An eligible partner is any person who is an individual, regular, “C” corporation, eligible foreign entity, “S” corporation or the estate of a deceased partner.  Unlike other sections of the tax law, a husband and wife are not treated as a single partner for these purposes.

Poor Documentation Is A Death Sentence

Many retail managers and shop owners, even those with no intent to commit fraud, can fall short when it comes to documentation and paperwork. The IRS appears increasingly determined to find and audit these businesses. Once sent only to those suspected of failing to comply with the tax laws, IDRs are being sent out in record numbers as a screening tool.  Even if the shooting sports equipment business pays its taxes dutifully, it may be penalized for lacking documentation. After all, the law requires every taxpayer to retain the records used when preparing the tax returns. Those records generally should be kept for three years from the date the return is filed. 

The IRS will usually provide a written request for the specific records needed. If records are kept electronically, the IRS may request those in lieu of or in addition to other types of records.  

Taxpayer Rights

The Taxpayers Bill of Rights, part of the IRS Restructuring and Reform Act of 1998, requires the IRS to provide a written statement detailing the taxpayer’s rights and the IRS’s obligations during the audit, appeals, refund and collection processes.

Those rights include:

  1. A right to professional and courteous treatment by IRS employees.
  2. A right to privacy and confidentiality about tax matters.
  3. A right to know why the IRS is asking for information, how the IRS will use it and what will happen if the requested information is not provided.
  4. A right to appeal disagreements, both within the IRS and before the courts.

Among the most important of the rights given every taxpayer whose returns are targeted for an audit is whether to be represented by a tax professional, or whether to attempt to answer the IRS’s questions alone.  Another important consideration for everyone and every business owner and manager being audited is where to hold that meeting.

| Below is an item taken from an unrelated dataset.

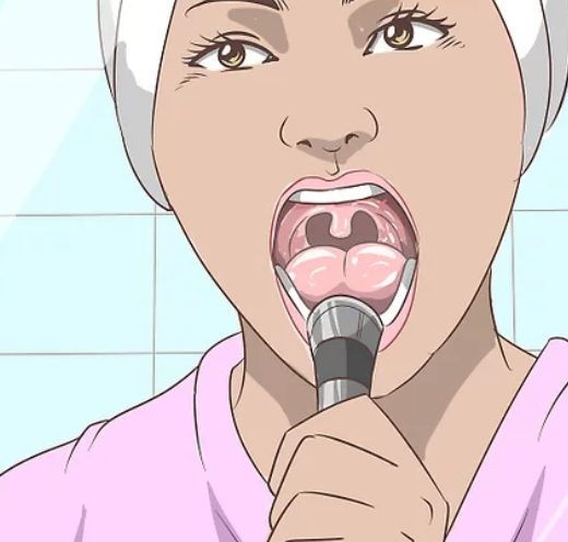 먼저 편도 결석이 잘 보이기 위해서는 편도에 힘을 줘야 합니다. 혀를 내밀고 목젖에 힘을 줍니다. "아" 소리를 내면 목 뒷부분의 근육이 조여지는데, 마치 가글을 하는 것처럼 해보면 편도가 앞으로 당겨지기 때문에 편도 결석이 잘 드러납니다.
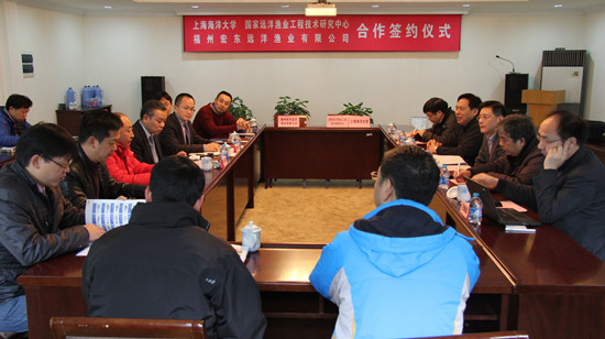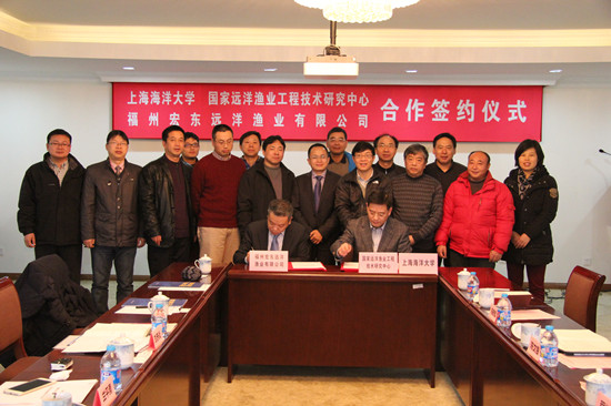 2014年12月28日,Beat365正版唯一官网必一、国家远洋渔业工程技术研究中心与福州宏东远洋渔业有限公司合作签约仪式在军工路校区农业部远洋渔业培训中心会议室召开。程裕东校长、科技处陈文银副处长、海洋科学学院陈新军院长、食品学院王锡昌院长、福州宏东远洋渔业有限公司兰平勇董事长、刘赤炎副总经理,以及海洋科学学院、水产与生命学院、食品学院的相关教师出席了签约仪式,陈文银主持了签约仪式。

Should the meeting be in the accountant’s office where all of the working documents are easily accessible? Should it be at the firearms retailer’s place of business, the place where all the records are kept, to demonstrate to the IRS auditor that there is nothing to hide and that the products and accessories operation is a legitimate one?  Or, should the manager, shop owner and/or the operation’s representative trudge down to the IRS office armed only with the specific documents and information requested by the IRS auditor?  Not too surprisingly, there is no one right answer.

Hurry And Get It Over

The increased emphasis on small business tax audits comes hot on the heels of an IRS announcement that it hopes to speed up the audit process with something called the Fast Track Settlement (FTS) program.

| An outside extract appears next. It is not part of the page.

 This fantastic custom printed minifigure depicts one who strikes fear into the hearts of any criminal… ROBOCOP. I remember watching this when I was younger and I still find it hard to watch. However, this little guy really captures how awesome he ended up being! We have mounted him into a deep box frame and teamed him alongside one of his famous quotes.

The IRS’s Small Business/Self-Employed Fast Track Settlement Program (SB/SE FFS) was created to provide an expedited process for resolving disputes with small businesses and professional practices. Small business or self-employed taxpayers that currently have unagreed factual or legal issues in at least one open year under examination can work together with SB/SE and the Office of Appeals to resolve outstanding disputed issues while their case is still within the SB/SE’s jurisdiction. Once an application is accepted, the goal is resolution within 60 days.

Having The Last Word

Until a retailer agrees with the IRS, the appeals process remains open. Most importantly, from the initial screening for accuracy each return receives up to the final appeal that has been exhausted, mistakes in the favor of the taxpayer are discovered in about 25 percent of all cases.

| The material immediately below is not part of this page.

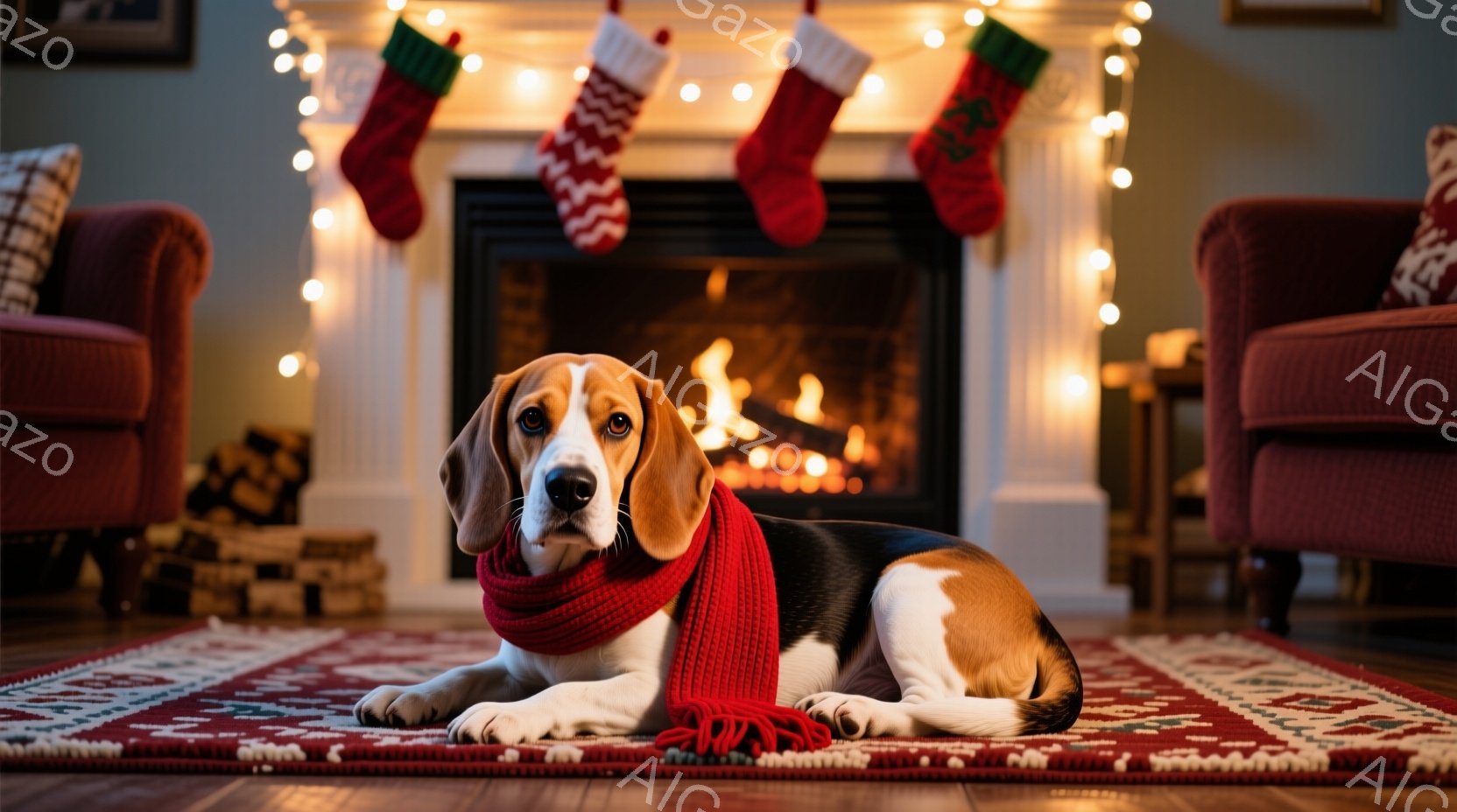 暖炉の前に茶色と白のビーグル犬が、赤いマフラーを巻いて横たわっています。背景にはクリスマスストッキングと光る電飾があり、部屋全体が温かい雰囲気で満たされています。犬は正面を見ており、落ち着いた表情をしています。

The IRS is usually quite sympathetic to honest mistakes and more than willing to discuss underpayments of taxes that may result from the many so-called “gray” areas of our tax rules.  

They’ll frequently negotiate the amount of tax due on occasion. But they don’t like fraud.

Honesty and clarity go a long way toward preventing, dealing with and surviving an IRS audit. Naturally, every shooting sports equipment retailer should have a strategy for avoiding audits as well as for dealing with an IRS auditor. A fallback position if those strategies fail should also be in place.